§ Work item
Exact copies of all the lines below are needed, without the pictures.

══════

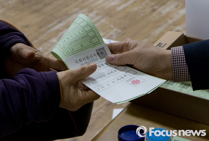 (부산=포커스뉴스) 제20대 국회의원선거일인 13일 오전 부산 영도구 동삼1동 제6투표소에서 유권자들이 투표용지를 받고 있다.
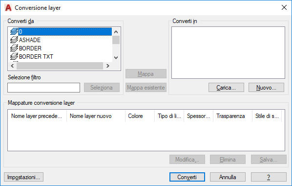 Specifica i layer da convertire nel disegno corrente. È possibile specificare i layer selezionandoli dall'elenco Converti da o specificando un filtro di selezione.
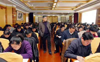 为夯实广大干警的理论基础,进一步提升司法为民的能力、水平,日前,天津蓟县法院举行年度业务考试。除院领导、公勤人员和聘任制法警外,其他干警全部参加。考试题型分为刑事、民事、行政和执行四类,时间两个小时,闭卷进行。同时,该院常务副院长李旭东、政治处主任彭继军、纪检组长郝泽军和监察室主任吴满玉负责监场工作,确保了考场秩序的严肃和考试成绩的真实。
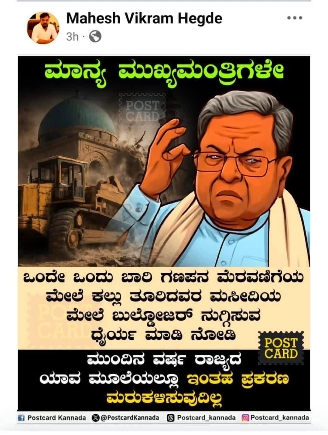 ಮುಖ್ಯಮಂತ್ರಿ ಸಿದ್ದರಾಮಯ್ಯ ಅವರ ಫೋಟೊ ಎಡಿಟ್ ಮಾಡಿ ಮುಖ್ಯಮಂತ್ರಿಗಳೇ, “ಗಣಪನ ಮೆರವಣಿಗೆಯ ಮೇಲೆ ಕಲ್ಲು ತೂರಿದವರ ಮಸೀದಿ ಮೇಲೆ ಬುಲ್ಡೋಜರ್ ನುಗ್ಗಿಸಿ ” ಎಂದು ಬರೆಯಲಾದ ಪೋಸ್ಟರ್ ಅನ್ನು ಮಹೇಶ್ ವಿಕ್ರಂ ಹೆಗ್ಡೆ ಸಾಮಾಜಿಕ ಜಾಲತಾಣಗಳಲ್ಲಿ ಪೋಸ್ಟ್ ಮಾಡಿದ್ದರು.
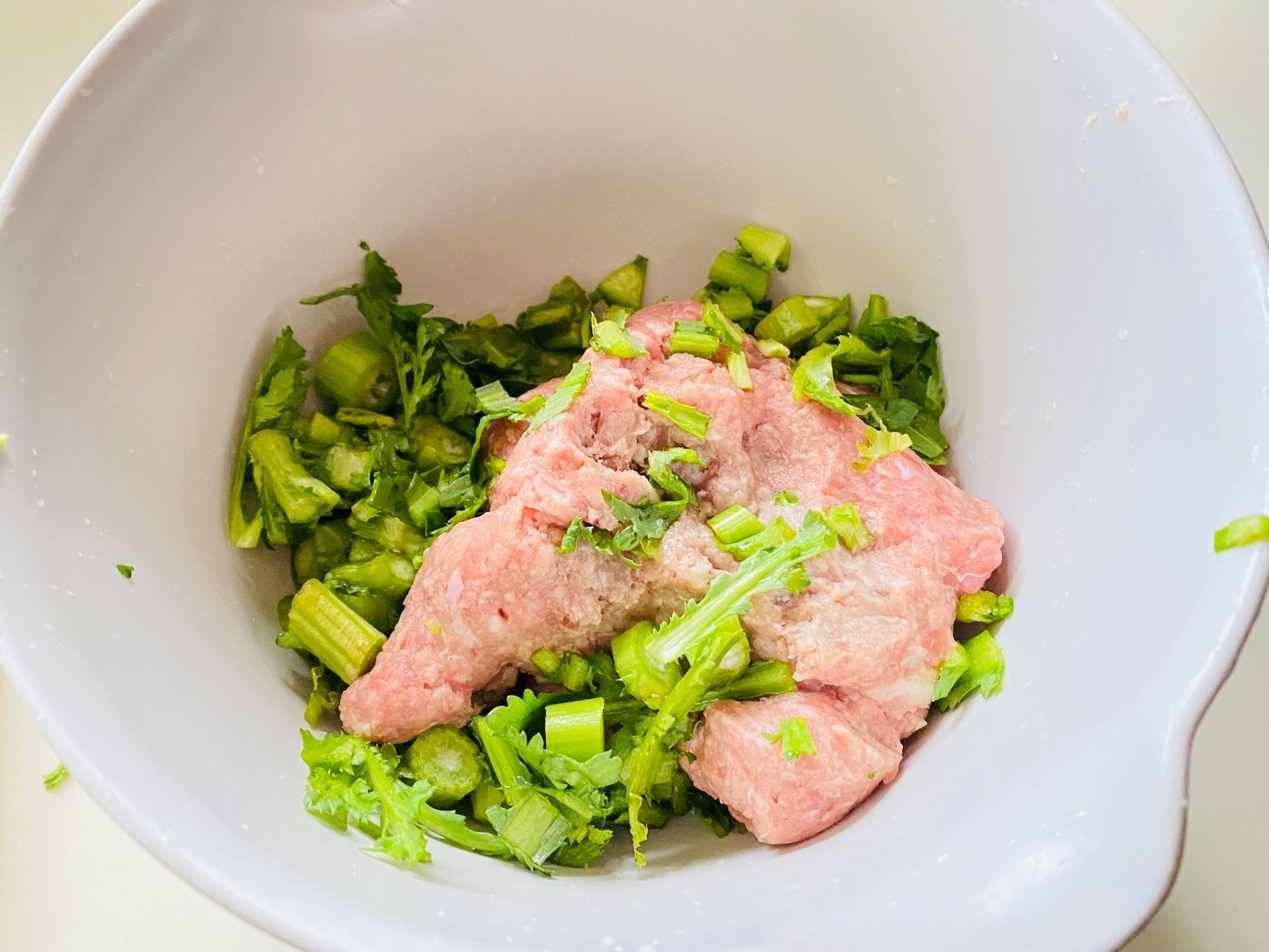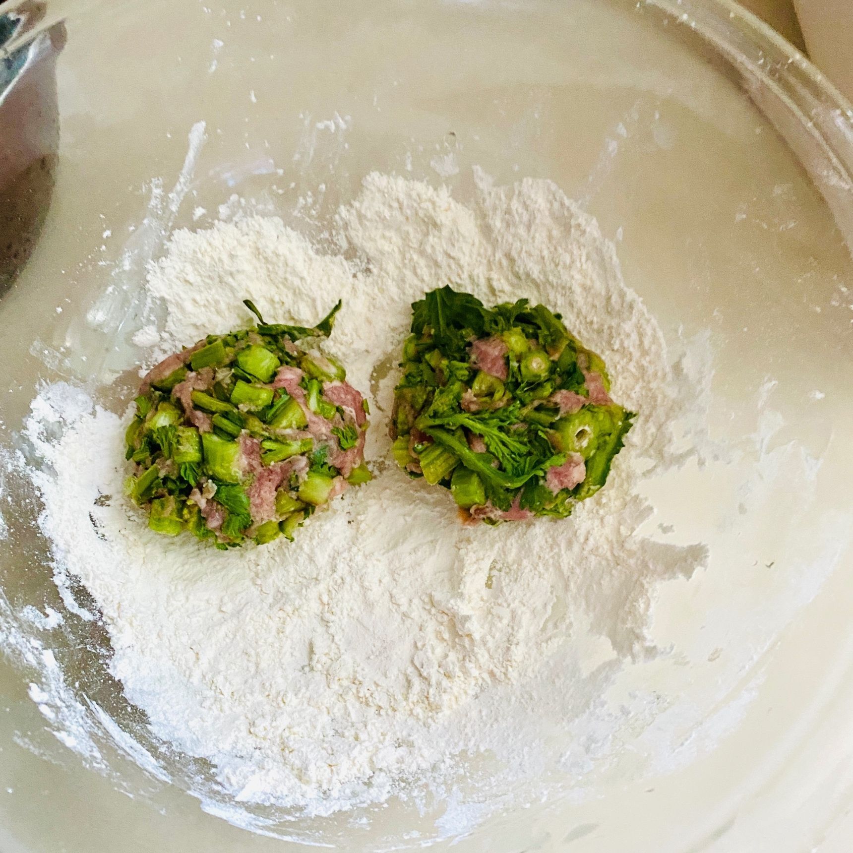 パン粉大さじ2に牛乳大さじ2を加え浸したものを①に加えよく捏ねます。細く切った春菊を①加えよく混ぜます。
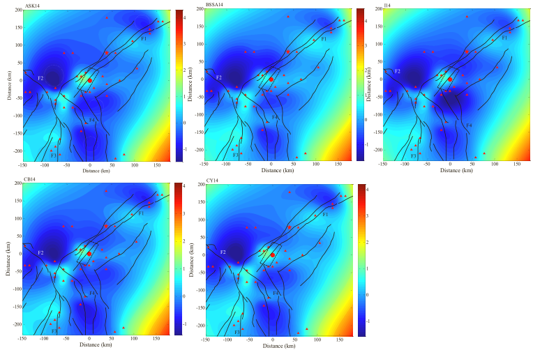 通过比较发现:(1)大部分台站的地表峰值加速度(PGA)和周期T=0.06秒时(芦山地震动的卓越周期)的反应谱幅值及其内部残差分布在五个衰减关系预测平均值一个标准差以内;(2)台站与五个衰减关系预测值间内部残差的标准差在周期T=0.06秒时小于PGA,这表明NGA-WEST2衰减关系对芦山地震高频成分的预测也很好;(3)在断层距大于100公里时,NGA-WEST2衰减模型对芦山地震动长周期分量(例如,T=10.0秒时)预测的内部残差较大;(4)对于芦山地震,NGA-WEST2模型预测的上盘短周期加速度分量要好于上盘长周期分量,此外NGA-WEST2模型的下盘短周期加速度分量要好于上盘;(5)五个衰减关系预测芦山地震动PGA的内部残差二维等值线分布显示在断层压缩方向及向东北方向扩展运动上残差值较大(图2);
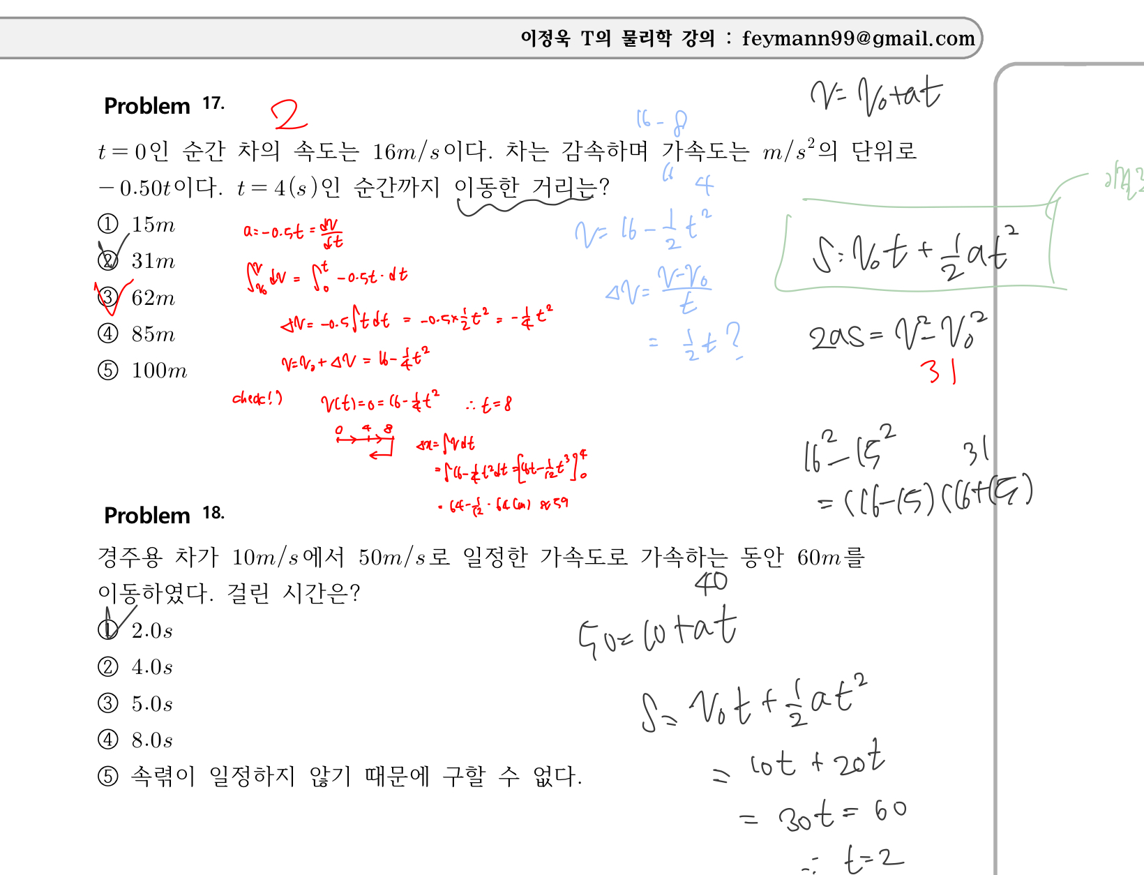 또한, 문제를 해결하는 문항의 상황이 등가속도 운동이 아니라 일반 가속 운동이라...
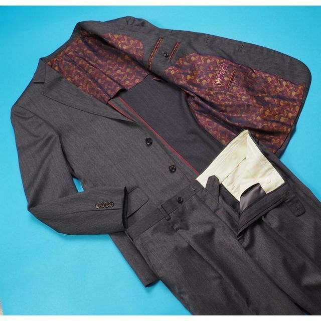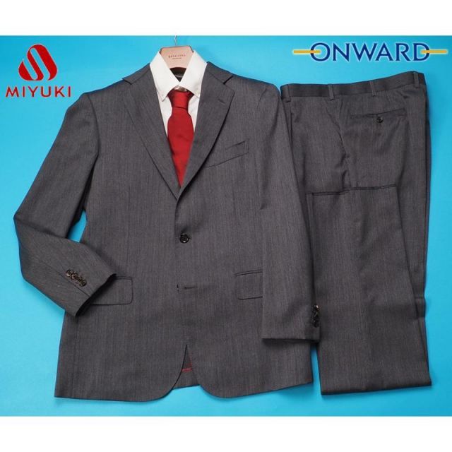 商品名:新品15.1万円 オンワード樫山 Royal Custom Purple Label Selflex 日本製 春秋『御幸毛織 MIYUKI KEORI』無地 スーツB6灰 HM9494

══════

§ Response to the exercise
 (부산=포커스뉴스) 제20대 국회의원선거일인 13일 오전 부산 영도구 동삼1동 제6투표소에서 유권자들이 투표용지를 받고 있다.
 Specifica i layer da convertire nel disegno corrente. È possibile specificare i layer selezionandoli dall'elenco Converti da o specificando un filtro di selezione.
 为夯实广大干警的理论基础,进一步提升司法为民的能力、水平,日前,天津蓟县法院举行年度业务考试。除院领导、公勤人员和聘任制法警外,其他干警全部参加。考试题型分为刑事、民事、行政和执行四类,时间两个小时,闭卷进行。同时,该院常务副院长李旭东、政治处主任彭继军、纪检组长郝泽军和监察室主任吴满玉负责监场工作,确保了考场秩序的严肃和考试成绩的真实。
 ಮುಖ್ಯಮಂತ್ರಿ ಸಿದ್ದರಾಮಯ್ಯ ಅವರ ಫೋಟೊ ಎಡಿಟ್ ಮಾಡಿ ಮುಖ್ಯಮಂತ್ರಿಗಳೇ, “ಗಣಪನ ಮೆರವಣಿಗೆಯ ಮೇಲೆ ಕಲ್ಲು ತೂರಿದವರ ಮಸೀದಿ ಮೇಲೆ ಬುಲ್ಡೋಜರ್ ನುಗ್ಗಿಸಿ ” ಎಂದು ಬರೆಯಲಾದ ಪೋಸ್ಟರ್ ಅನ್ನು ಮಹೇಶ್ ವಿಕ್ರಂ ಹೆಗ್ಡೆ ಸಾಮಾಜಿಕ ಜಾಲತಾಣಗಳಲ್ಲಿ ಪೋಸ್ಟ್ ಮಾಡಿದ್ದರು.
 パン粉大さじ2に牛乳大さじ2を加え浸したものを①に加えよく捏ねます。細く切った春菊を①加えよく混ぜます。
 通过比较发现:(1)大部分台站的地表峰值加速度(PGA)和周期T=0.06秒时(芦山地震动的卓越周期)的反应谱幅值及其内部残差分布在五个衰减关系预测平均值一个标准差以内;(2)台站与五个衰减关系预测值间内部残差的标准差在周期T=0.06秒时小于PGA,这表明NGA-WEST2衰减关系对芦山地震高频成分的预测也很好;(3)在断层距大于100公里时,NGA-WEST2衰减模型对芦山地震动长周期分量(例如,T=10.0秒时)预测的内部残差较大;(4)对于芦山地震,NGA-WEST2模型预测的上盘短周期加速度分量要好于上盘长周期分量,此外NGA-WEST2模型的下盘短周期加速度分量要好于上盘;(5)五个衰减关系预测芦山地震动PGA的内部残差二维等值线分布显示在断层压缩方向及向东北方向扩展运动上残差值较大(图2);
 또한, 문제를 해결하는 문항의 상황이 등가속도 운동이 아니라 일반 가속 운동이라...
 商品名:新品15.1万円 オンワード樫山 Royal Custom Purple Label Selflex 日本製 春秋『御幸毛織 MIYUKI KEORI』無地 スーツB6灰 HM9494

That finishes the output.